The edge on the finished hatchet still has the original hardness which allows it to retain an edge. I do not like the tapered handles you see on most "tomahawks". They are too easily flung away as you work with sweaty, dirty hands. That’s why I used a wedged-eye handle with a swell-end for the hand grip area.

If you carefully saw your wedge slots and use both a wooden wedge and steel cross wedges, you can force the end of the handle to expand both ways at the top of the eye, locking the handle in place, I also like to coat the wedged area well in expoxy resin so that the expanded wood really gets "fixed" in place inside the eye.
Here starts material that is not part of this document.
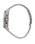 Elegant stainless steel watch is a great proposition for every man. The envelope and bracelet are made of high quality stainless steel in silver and pink -colored colors. The whole is complemented by a navy blue disc equipped with various amenities: date of the month of the month, chronograph, tachymeter and 24-hour time.

Last thing I did on mine was to "blue" the head using a bottle of cold gun bluing. That plus a coating of hard wax protects the steel well.
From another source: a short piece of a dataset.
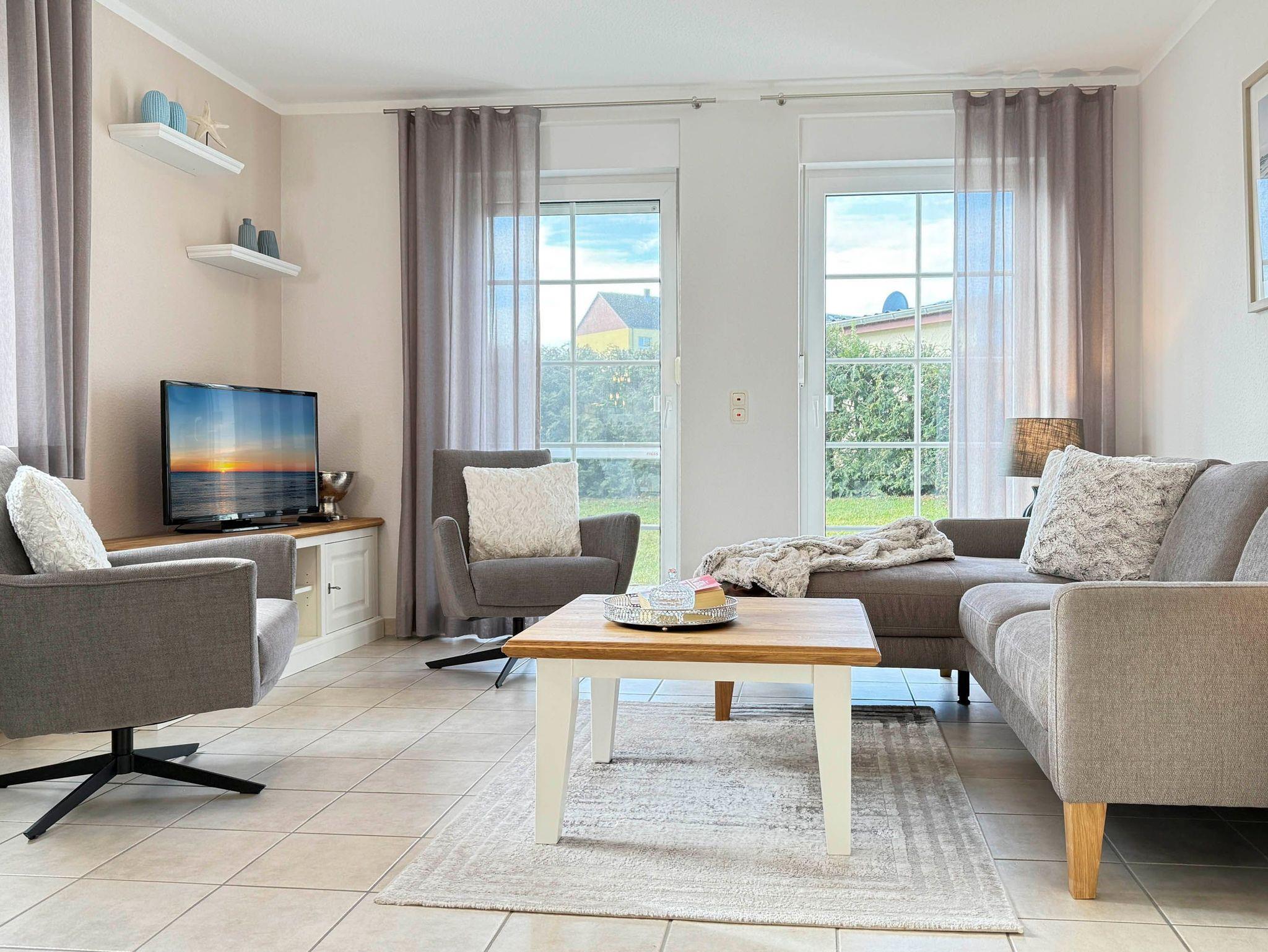• Gemütlicher Wohnbereich mit bequemer Sitzgruppe und Flachbild-TV

Ed : Steve just added this image :


Post-Scriptum :

Nb : Slightly edited by JM for presentation. You can comment this article below. To contact Steve, please email the administrator, which will forward.

par Steve



Le 29 avril 2003
Thanks again Steve for this great article and drawings, how long dit it take you to build this hatchet ?
Le 30 avril 2003
Took about 8 hours of shop work to grind it down and add the handle. Wore out a hacksaw blade and a grinder disk. Just kept grinding it down until it looked right and weighed 1 lb.
Le 1er mars 2004
could you make a double bit like that two and show us ?  :-D
Le 5 mars 2004
Converting a two-edge head to a light-weight hatchet sounds like a do-able project, providing I could find a small enough head to start with. All of the double heads I have ever seen are monster full-sized axes weighing 3.5-5 lbs. Far too big to convert into a belt hatchet. If anyone knows of a source for a smaller two-edged head, let me know. What I HAVE been considering is adding a spike or chisel-edged blade on the poll side of one my small hatchets. Something which could be used for hard work like digging, cutting roots, breaking off a hasp or lock, etc. without risking your main, sharp edge. Should be possible to drill, tap, then weld a decent spike or chisel to the poll so it will handle the rough work without breaking too easily. If I carry through with this, I will post a picture.
Le 8 novembre 2004
for a double head, couldn’t you just weld two heads together, cut halfway between the eyes ? not that you could aword such a waste of time, and materitals.